What to do. Make an exact copy of all the entries, with the pictures left out.
____________________
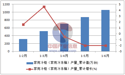2016年1-6月全國家用冷柜(家用冷凍箱)產量統計圖
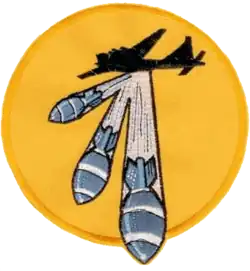 - ^ Approved 6 September 1943. Description: Over and through a yellow-orange disc, a black silhouette four-motor aircraft in sinister chief, dropping a stick of three blue violet aerial bombs to foreground and leaving air stream to rear shaded light blue violet.
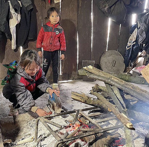 Das älteste Enkelkind fächert das Feuer mit einem Spezialgerät an
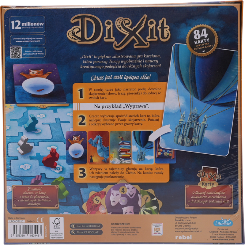 Dixit to niezwykła gra planszowa, która zdobyła serca milionów graczy na całym świecie! To opowieść, w której każda ilustracja kryje w sobie tysiące słów, a każde słowo staje się kluczem do odnalezienia odpowiedniego obrazu. Przygotuj się na podróż przez krainę wyobraźni, gdzie Twoja kreatywność i zdolność do empatii zostaną wystawione na próbę!
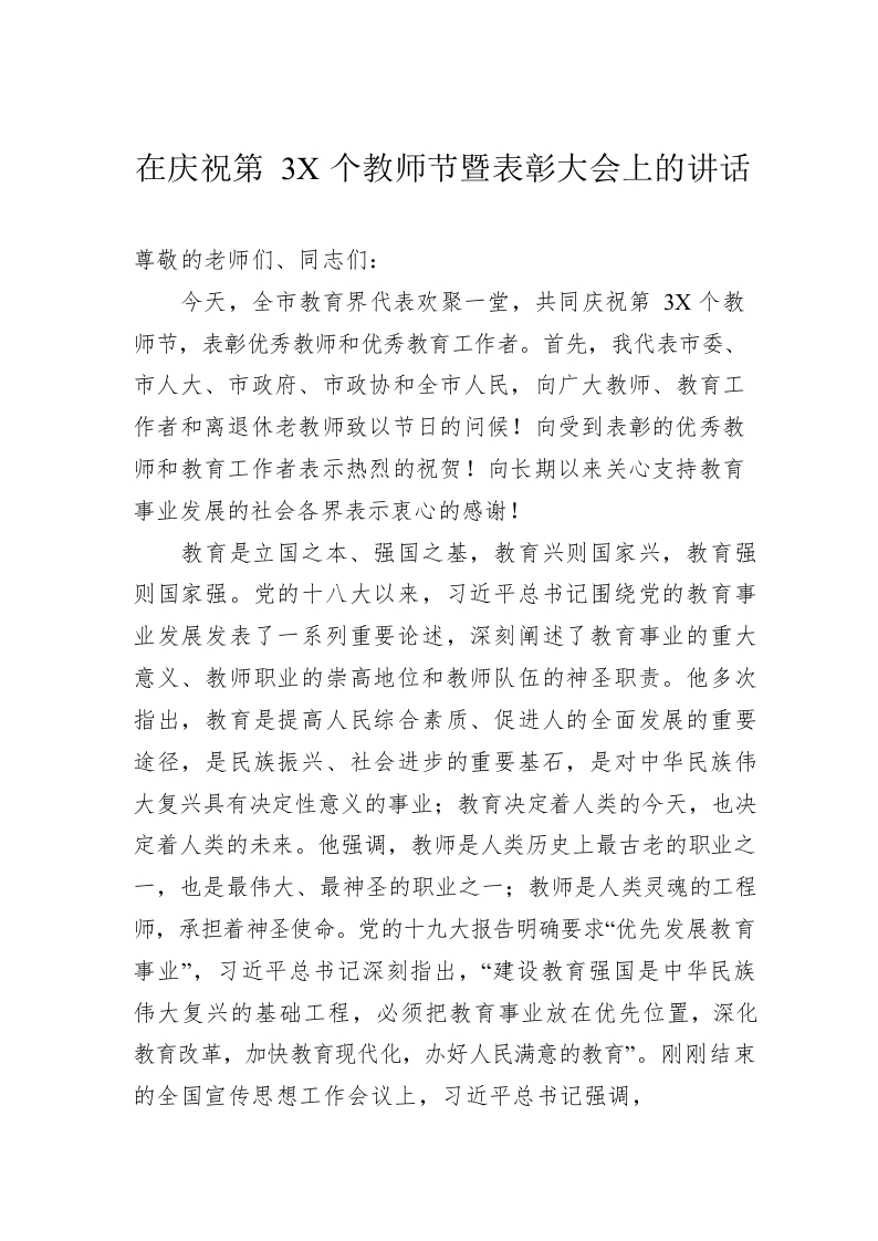/ 在庆祝第3X个教师节暨表彰大会上的讲话
____________________
The completed task.
2016年1-6月全國家用冷柜(家用冷凍箱)產量統計圖
 - ^ Approved 6 September 1943. Description: Over and through a yellow-orange disc, a black silhouette four-motor aircraft in sinister chief, dropping a stick of three blue violet aerial bombs to foreground and leaving air stream to rear shaded light blue violet.
 Das älteste Enkelkind fächert das Feuer mit einem Spezialgerät an
 Dixit to niezwykła gra planszowa, która zdobyła serca milionów graczy na całym świecie! To opowieść, w której każda ilustracja kryje w sobie tysiące słów, a każde słowo staje się kluczem do odnalezienia odpowiedniego obrazu. Przygotuj się na podróż przez krainę wyobraźni, gdzie Twoja kreatywność i zdolność do empatii zostaną wystawione na próbę!
/ 在庆祝第3X个教师节暨表彰大会上的讲话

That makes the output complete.